At the crime scene, a notebook was found on which three apparently nonsensical words had been written, namely "Uma harum uma ". Linguistic and cryptographic tests conducted by the Bologna forensic police were unable to give a meaning to the sequence of words, so the investigators searched on the Internet for all three word combinations (uma harum, uma uma and harum) that could be derived from the short text and discovered that, in Indonesia, Uma is the name of a deity worshipped on the island of Bali. Harum, on the other hand, is the spring temple in the Bangli Regency, also in the province of Bali, while "Uma uma" turned out to be an expression often used in sexually explicit films on Thai erotic sites.

Analysis of Cuccuini's private life revealed that on the morning of 24 March 1995, he shouldn't even have been at work, since his working days at the Manuelli store were Tuesdays, Wednesdays, and Thursdays. However, that Friday, he had agreed to stand in for the shop-owner because he had to take his daughter to the eye doctor. Also curiously, he had opened the shop earlier than the usual time. Therefore, the killer must have known Gianfranco well enough to know he was at the shop alone on that day and at that particular time. A witness also said that at 8:30 that Friday, she had seen a man matching Cuccuini's description enter the Manuelli store, along with another person with long hair, with uncertain gender. This individual, who has never been identified, was likely the killer of Gianfranco Cuccuini. The crime scene revealed neither blood spatters on the walls nor the killer's fingerprints, but a single drop of blood was found on a wooden chair near Cuccuini's body. Items found near the victim's body included his glasses, a bunch of keys and a mop. The coroner estimated that the first blow was delivered very violently, and had been inflicted from left to right and from top to bottom to Cuccuini's back. It was considered probable that the first blow had been inflicted to the victim's back while he was sitting on the wooden chair and leaning forward towards the aggressor, leaning forward perhaps to pick up the bunch of keys. The drop of blood on the chair, instead, would have fallen from the dripping blade of the killer who immediately afterwards stabbed Cuccuini on the ground another twenty-six times, which would explain the absence of fingerprints and blood splatter in the shop.

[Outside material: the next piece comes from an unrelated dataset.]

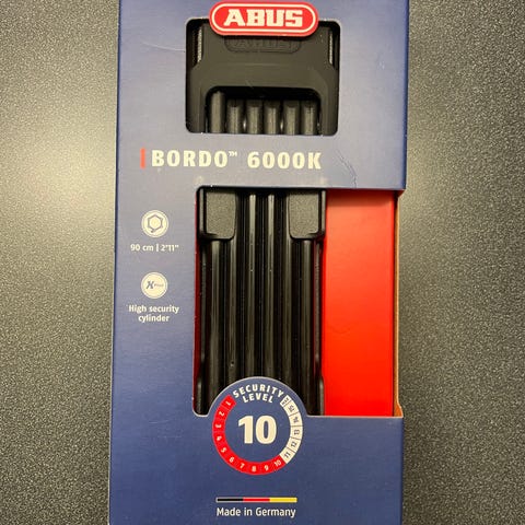 Abus Bordo 6000 on laadukas taittolukko, jossa on viisi millimetriä paksut karkaistut terästangot. Lukon pituus on 90 cm, ja se on varustettu pehmeällä pinnoitteella, joka suojaa polkupyörän runkoa naarmuilta. Mukana toimitetaan kätevä kuljetusteline ja kaksi avainta.Turvataso 10/15, 90 cm pituus, valmistettu Saksassa, sisältää kiinnitystelineen ja kaksi avainta.Tuote on alkuperäisessä avaamattomassa pakkauksessaan.Valmistaja: ABUSVäri: mustaMateriaali: karkaistu teräs, muoviMitat: Syvyys: 90 cm

Investigations into the running of the shop ultimately revealed that the killer's only escape route was the bookstore's main entrance, since the side entrance was locked from the inside. In any case, the attacker could not have escaped through there, as Don Boffici had repeatedly knocked on that door around 8:45 a.m., immediately after the murder. Despite several years of investigation, the person responsible for Cuccuini's death was never caught, and the crime remains unsolved to this day.

== Cultural influence ==
The murder of Gianfranco Cuccuini was discussed in the fifth episode of the second season of Blu notte - Misteri italiani, hosted by Carlo Lucarelli.